Genomic projects heavily depend on genome annotations and are limited by the current deficiencies in the published predictions of gene structure and function. It follows that, improved annotation will allow better data mining of genomes, and more secure planning and design of experiments. The purpose of the GeneFarm project is to obtain homogeneous, reliable, documented and traceable annotations for Arabidopsis nuclear genes and gene products, and to enter them into an added-value database. This re-annotation project is being performed exhaustively on every member of each gene family.

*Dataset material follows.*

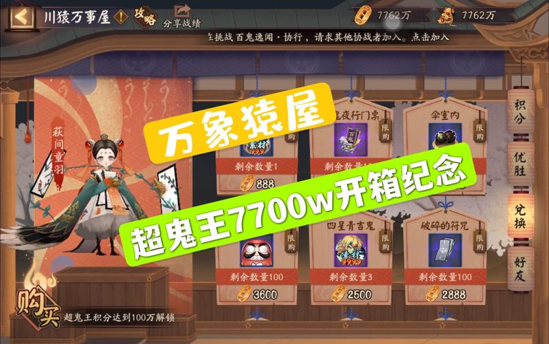 首先肯定是要换华丽箱子和精致箱子的,越贵的越好。简易箱子和朴素箱子已经没什么用了,就那么点体力不要也罢,没有以前超鬼王活动多。超鬼王活动箱子内容 简易礼盒售价1888,奖励是金币、体力和式神碎片。朴素礼盒售价4888,奖励是八歧大蛇的鳞片、结界卡、达摩和sr碎片。
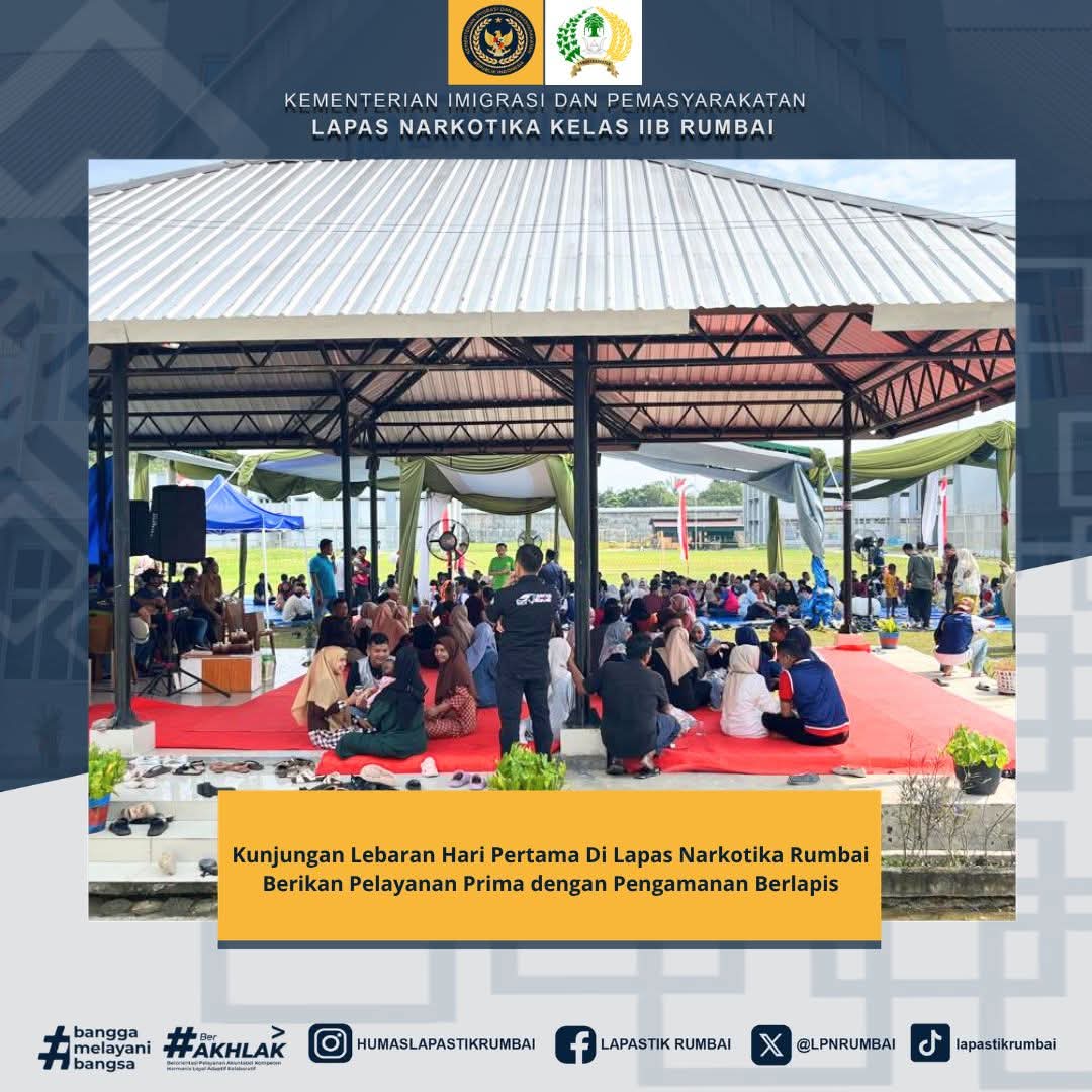 Pekanbaru,sahabatadhyaksa.com – Suasana penuh keharuan dan sukacita menyelimuti Lembaga Pemasyarakatan Narkotika Kelas IIB Rumbai pada Sabtu, 21 Maret. Memasuki hari pertama Idul Fitri, ratusan pengunjung mulai berdatangan memadati area lapangan utama untuk melepas rindu dan bersilaturahmi dengan warga binaan. Menghadapi lonjakan kunjungan tersebut, seluruh jajaran petugas telah bersiap siaga sepenuhnya guna memberikan pelayanan prima kepada masyarakat.

Performing a family-wide annotation makes the task easier and more efficient than a gene-by-gene approach since many features obtained for one gene can be extrapolated to some or all the other genes of a family. A complete annotation procedure based on the most efficient prediction tools available is being used by 16 partner laboratories, each contributing annotated families from its field of expertise. A database, named GeneFarm, and an associated user-friendly interface to query the annotations have been developed. More than 3000 genes distributed over 300 families have been annotated and are available at http://genoplante-info.infobiogen.fr/Genefarm/. Furthermore, collaboration with the Swiss Institute of Bioinformatics is underway to integrate the GeneFarm data into the protein knowledgebase Swiss-Prot.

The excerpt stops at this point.